The effects of hypophysectomy (HPX) and dexamethasone (DEX) on the levels of Met5-enkephalin (ME), ME precursors, and the abundance of proenkephalin (pEK) mRNA, were examined in the adrenal medulla (AM) and superior cervical ganglia (SCG). To assess possible changes in enkephalin processing, both cryptic (after trypsin and carboxypeptidase B digestions) and native (without enzyme digestions) ME-like immunoreactivity (ME-LI) was measured. Three weeks after HPX the proportion of pEK mRNA to the total RNA content in the AM was not significantly changed when compared to sham-operated (SO) animals. Total (native + cryptic) ME-LI was decreased by 45% in the AM of HPX rats. This decrease was paralleled by a 58% depletion of AM proteins. Cryptic ME-LI was also reduced by 43%. In contrast, native ME-LI was not altered after HPX, indicating enhanced processing of ME precursors. Treatment with DEX (5 daily injections--1 mg/kg, i.p.) increased the relative abundance of pEK mRNA (+27%) and total ME-LI in the AM of HPX group, but not in SO group. Native ME-LI, cryptic ME-LI, and their ratio were not significantly affected by DEX in the AM of HPX or SO rats. In SCG, the relative abundance of pEK mRNA decreased by 25% after hypophysectomy. Total and cryptic ME-LI in the SCG of HPX rats were not changed when compared to SO rats. In contrast, HPX reduced native ME-LI suggesting decreased processing of ME precursors. Similarly, as in AM, DEX produced increase in the SCG pEK mRNA only in HPX (+68%) and not in the SO rats. In SCG, DEX produced decreases in total ME-LI which could be attributed to an increased enkephalin release. An overall reduction of cryptic ME-LI was also observed after DEX, whereas native ME-LI remained unchanged suggesting increased processing of enkephalins. Our findings indicate that the pituitary adrenocortical axis controls the relative proportions of ME to its precursors, and that this control involves both glucocorticoid-dependent (SCG) and glucocorticoid-independent (AM) mechanisms. In contrast, our studies do not suggest specific control of pEK synthesis by the pituitary adrenocortical axis. The pituitary adrenocortical axis may also influence the relative contents of ME and catecholamines in the AM and SCG. The ratio of ME/catecholamines increased after HPX (AM and SCG) and after DEX (SCG). Such regulation may contribute to the control of co-transmitter output in the sympathoadrenal system.

Regulation of tyrosine hydroxylase and phenylethanolamine N-methyltransferase mRNA levels in the sympathoadrenal system by the pituitary-adrenocortical axis.

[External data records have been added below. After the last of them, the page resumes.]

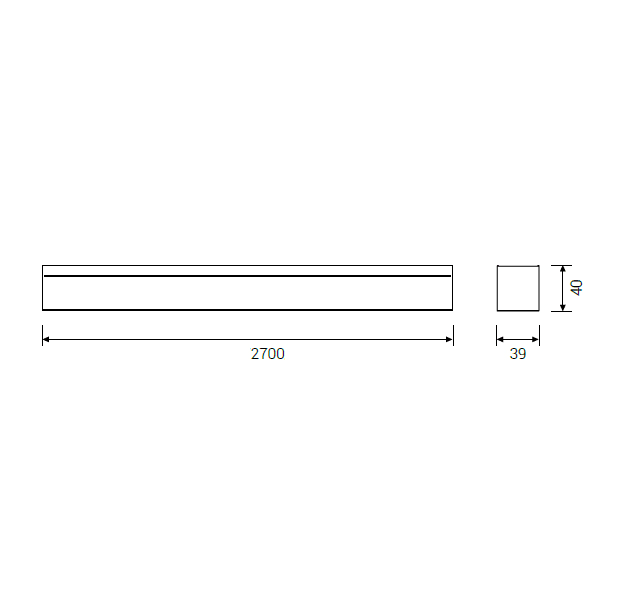 Profilo in alluminio per applicazioni a plafone, sospensione ed incasso. Dimensioni: 2700x39x40mm. Bianco RAL 9003.
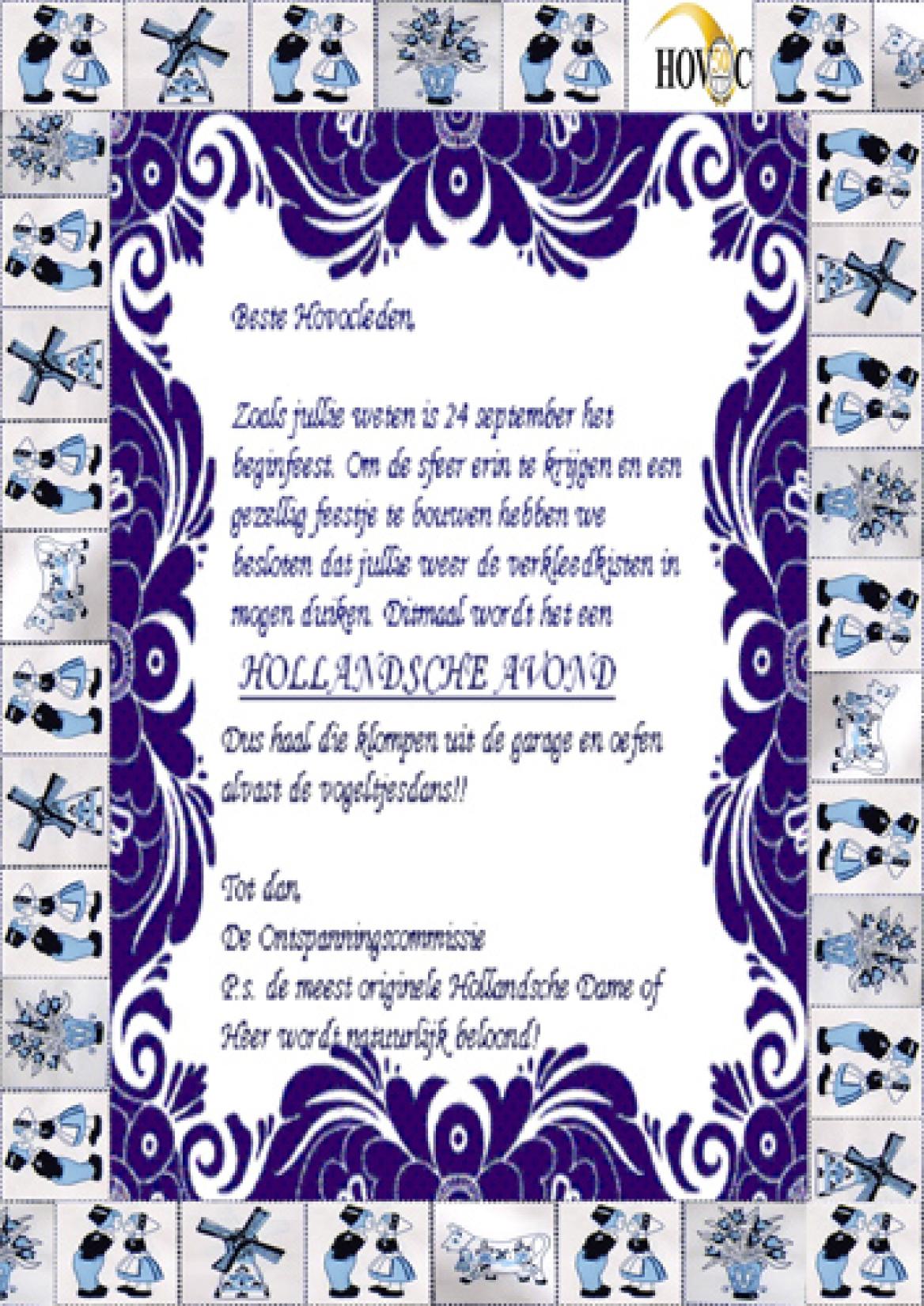 Hovoc Beginfeest; zaterdag 24 septemberDe competitie gaat weer bijna van start en dat moet natuurlijk gevierd worden met een beginfeest. Op zaterdag 24 september om 21.00 uur starten we het seizoen met een Hollandsche avond in de kantine. Hierbij zijn jullie allemaal van harte uitgenodigd! Dresscode: Hollands
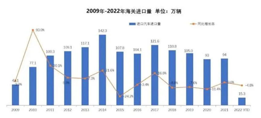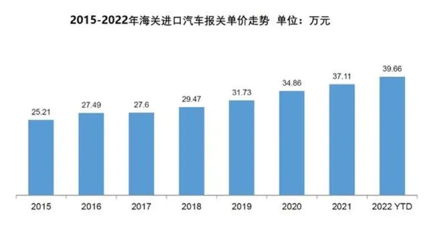 The customs declaration unit price of imported automobiles has increased year by year. From 2015 to 2022, the customs declaration unit price of imported automobiles has increased from 252,100 yuan to 396,600 yuan. One is the trend of consumption upgrading, and the other is the trend of localization of low-priced products.
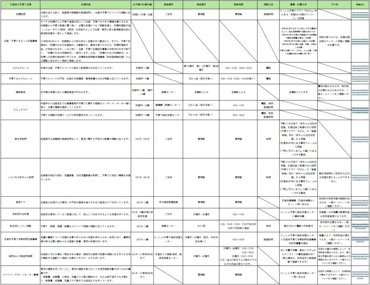 それぞれの支援、支援を行う場所によって対象年齢や条件がございますので、詳細は表の一番右にあるURLからご確認いただけましたら幸いです。

The pituitary-adrenocortical axis plays a complex role in the regulation of the levels of enzymes of the catecholamine biosynthetic pathway. In this report we have explored molecular mechanisms of these regulations, by examining the effects of hypophysectomy (HPX) and dexamethasone (DEX) on tyrosine hydroxylase (TH) and phenylethanolamine N-methyltransferase (PNMT) mRNA levels in the adrenal medulla (AM) and superior cervical ganglia (SCG). Three weeks after hypophysectomy weights (-48%), total RNA (-49%), and DNA (-22%) contents in AM were significantly reduced, when compared to sham-operated animals (SO). In SCG decreases in weight (-23%) and in the ratio of RNA/DNA (-25%) were also found. TH mRNA contents paralleled decreases in total RNA levels and no significant change in the relative abundance of TH mRNA was found. When HPX rats were injected for 5 days with DEX (1 mg/kg, i.p.), TH mRNA levels in the SCG (+51%) and in the AM (+74%) were significantly increased when compared to saline-treated HPX animals. DEX given to SO rats increased TH mRNA in SCG (+49%); a 27% increase in TH mRNA in the AM was also observed. The relative abundance of PNMT mRNA in the AM was reduced after hypophysectomy (-64%). This decrease was completely reversed by DEX. In contrast, DEX did not affect PNMT mRNA levels in the AM of SO rats. PNMT mRNA was not detected in SCG of saline- or DEX-treated rats. In conclusion, our findings suggest that the pituitary-adrenocortical axis is involved in the regulation of the steady-state levels of TH and PNMT mRNAs. This regulation involves: (1) induction of TH mRNA contents in AM and SCG by increased plasma glucocorticoid levels; and (2) maintenance of the steady-state levels of PNMT mRNA in AM by glucocorticoid-dependent mechanisms.